Faustinus et Faustinianus ne peuvent temporiser davantage. Ils se dévoilent à leur mère, qui manque de mourir d’émotion, et lui narrent les aventures qu’ils ont connues. Mattidie supplie Pierre de lui accorder le baptême pour que les retrouvailles puissent être fêtées comme il se doit. Pierre répond : « Mais il faut qu’elle jeûne, ne serait-ce qu’un seul jour, avant d’être baptisée, et cela parce qu’elle a simplement dit, en sa faveur, une seule parole, que j’ai jugée suffisante pour révéler sa foi – autrement il faudrait de nombreux jours pour qu’elle soit civilisée ! » (Ibid. 9, 3.) Nous avons vu que l’instruction est habituellement donnée pendant la période du jeûne réglementaire de trois jours, durant laquelle les catéchumènes reçoivent, quotidiennement, l’imposition des mains (Hom III, 73, 1). En outre, Mattidie doit choisir « d’aimer la loi qui est la nôtre » (Hom XIII, 10, 7) ; autrement dit, la conversion au judaïsme est un préalable au baptême. Pierre justifie que Mattidie n’ait qu’un seul jour de jeûne à observer par le sens du prosélytisme dont elle fait preuve : « C’est sa demande d’être baptisée avec son hôtesse et bienfaitrice. Elle n’aurait pas demandé qu’il soit donné à celle qu’elle aime si, auparavant, elle n’avait pas été disposée à considérer le baptême comme un grand don. » (Ibid. 10, 1-2.) Son acte est montré en exemple aux disciples incapables de faire des adeptes dans leurs propres familles. Les jumeaux tentent d’ajouter que Mattidie, déjà sous l’effet de l’émotion après avoir retrouvé Clément, n’a pris aucune nourriture depuis l’avant-veille et qu’elle pourrait être baptisée sur le champ. La femme de Pierre est appelée à en témoigner. Mais Pierre reste ferme sur le jeûne intentionnel d’une journée au minimum.
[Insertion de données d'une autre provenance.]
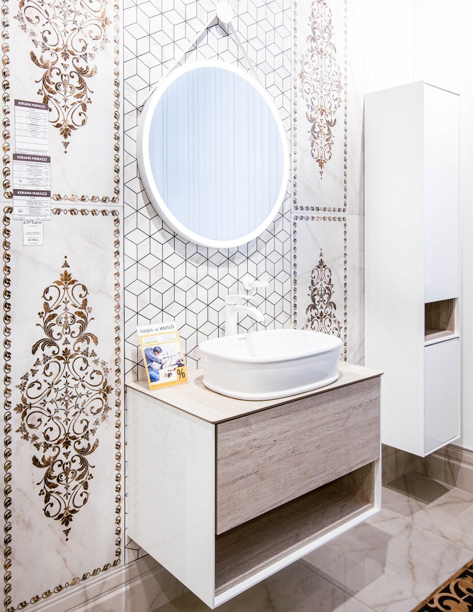 Здесь вы узнаете, что можно соединить в таком интерьере. Увидите на примерах. Показываем готовые дизайны в интерьерных кабинах наших фирменных магазинов KERAMA MARAZZI в Москве и области. Некоторые из них новинки, но уже входят в топ-5 среди фаворитов дизайнеров и наших клиентов.

Le moment venu, Mattidie est accompagnée par les seuls familiers, « loin des regards dans un endroit abrité de la mer » (Hom XIV, 1, 1). Pierre la baptise nue, dans « un endroit calme et pur au milieu des rochers » (Ibid. 1, 2). Les fils de Mattidie et les autres hommes se sont éloignés « par égard pour les femmes » (Ibid. 1, 2). Au retour, elles forment un groupe à part des hommes, « à cause de la foule », et chacun se retrouve pour le repas en commun désormais possible. « Pierre rompit le pain pour l’action de grâce et mit le sel : il en donna d’abord à notre mère et, après elle, à nous ses fils », rapporte Clément (Ibid. 1, 4).

Doctrine de la chasteté

Le soir venu, Pierre donne un enseignement sur la chasteté. Mattidie est érigée en modèle : « Celle qui prend conscience qu’un homme l’aime doit, pour cette raison même, fuir toute relation avec lui comme un feu brûlant ou un chien enragé. » (Ibid. 14, 1.) Païenne elle était ; pourtant, Dieu l’a récompensée en lui rendant ses fils. Certes, il ne lui a pas procuré le salut, qui n’appartient qu’aux baptisés 139, mais il lui a donné sa bénédiction. Si elle avait été adultère, c’eut été sa malédiction. Pierre insiste : « On aura beau montrer toutes les vertus, on doit être châtié pour le seul péché d’adultère, comme l’a dit le Prophète [Moïse]. » (Ibid. 14, 3.) Il fait référence à la Torah : « L’homme qui commet l’adultère avec la femme d’un homme, celui qui commet l’adultère avec la femme de son prochain [hébreu], il sera mis à mort, l’homme adultère et la femme adultère. » (Lv XX, 10.) Le récit de la femme adultère sauvée de la lapidation par Jésus, qui vient en opposition à la Torah, ne se trouve que dans l’Evangile de Jean (Jn VIII, 3-11) Nous voyons que « l’humanité » enseignée par Pierre trouve sa limite dans les commandements de Dieu qui sont intangibles. La justification se trouve dans la Genèse : « Dieu, qui est un, a créé une seule femme pour un seul homme. » (Hom XIII, 15, 1.)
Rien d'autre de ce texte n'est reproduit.